Another thing that sets Devs apart is that it concerns the nature of reality. Is the universe deterministic? What is the correct interpretation of quantum mechanics? Are there multiple worlds? Do you and I have free will? Should we be held morally responsible for our decisions if we couldn’t have chosen otherwise?

I haven’t finished the series yet. Maybe when it’s over, my opinion will have changed. I think Aristotle said we should judge a work of art as a whole.

What motivated me to write this post, however, was that one of the characters, Lily Chan, is now faced with what might turn out to be a truly momentous decision, possibly the biggest decision anyone has ever made. (A determinist would say I had no choice — the history of the universe made me start writing.) It isn’t giving much away about the show to say that Lily has been told she will be at a certain place later tonight and, assuming she is, things are going to go terribly wrong. She and her friend both think it’s crazy to think anybody could reliably predict such a thing, but at the same time she wants to make sure the prediction doesn’t come true. How should she make sure of that?

Here are two options:

(a) She and her friend, who are in the beautiful city of San Francisco, should get some cash, turn off their phones and start driving. They should drive as far away as possible from the place she’s predicted to be later tonight. They should definitely not stay in San Francisco, since it’s only a few miles from where the big, bad event is supposed to happen. Come on, Lily! Run away!

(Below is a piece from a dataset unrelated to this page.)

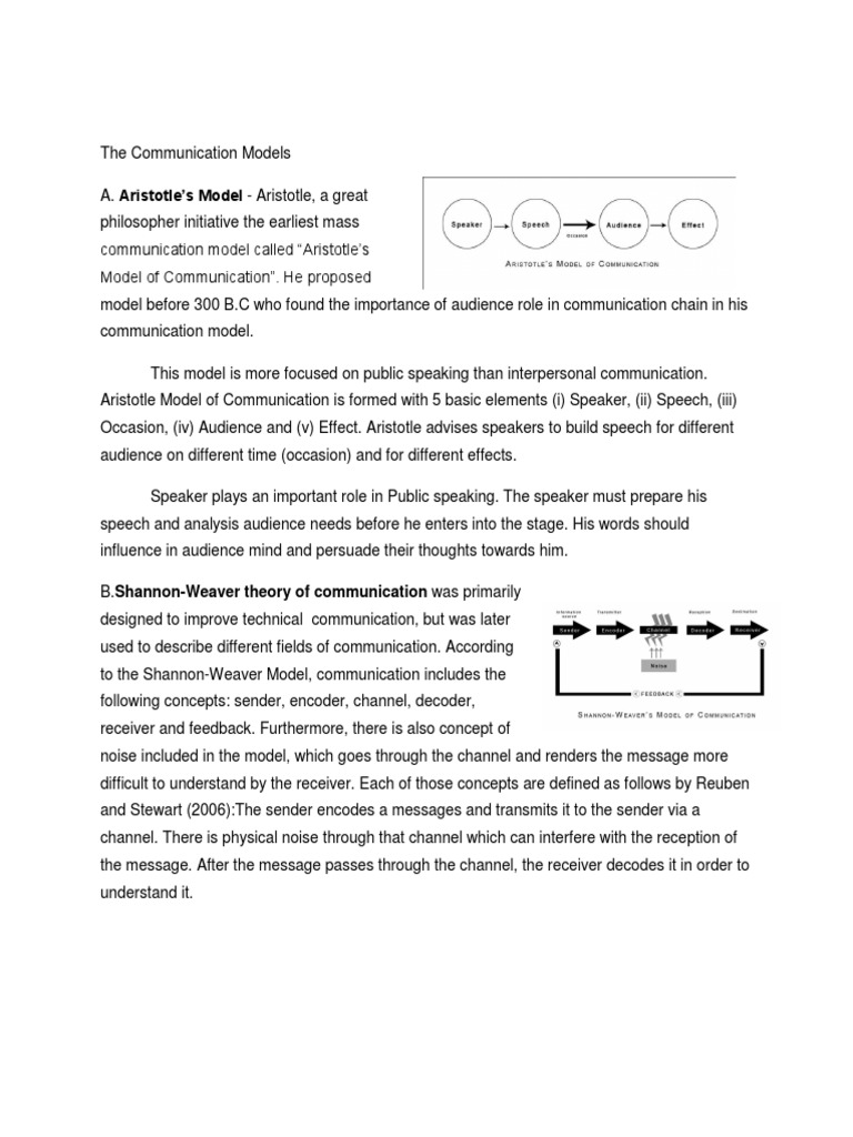 Communication Model Human Performance Technology Manual - The main models of communication are can be split into three categories:

(b) Lily and her friend should stay in her apartment in San Francisco, but not go outside. That should be good enough.

If you were in her situation and you wanted to prove the prediction wrong, which option would you choose? Would you choose (a) or (b) to make sure the very, very bad thing didn’t happen?

This is a TV show. Which option does she choose?

I think we all know the answers to these questions.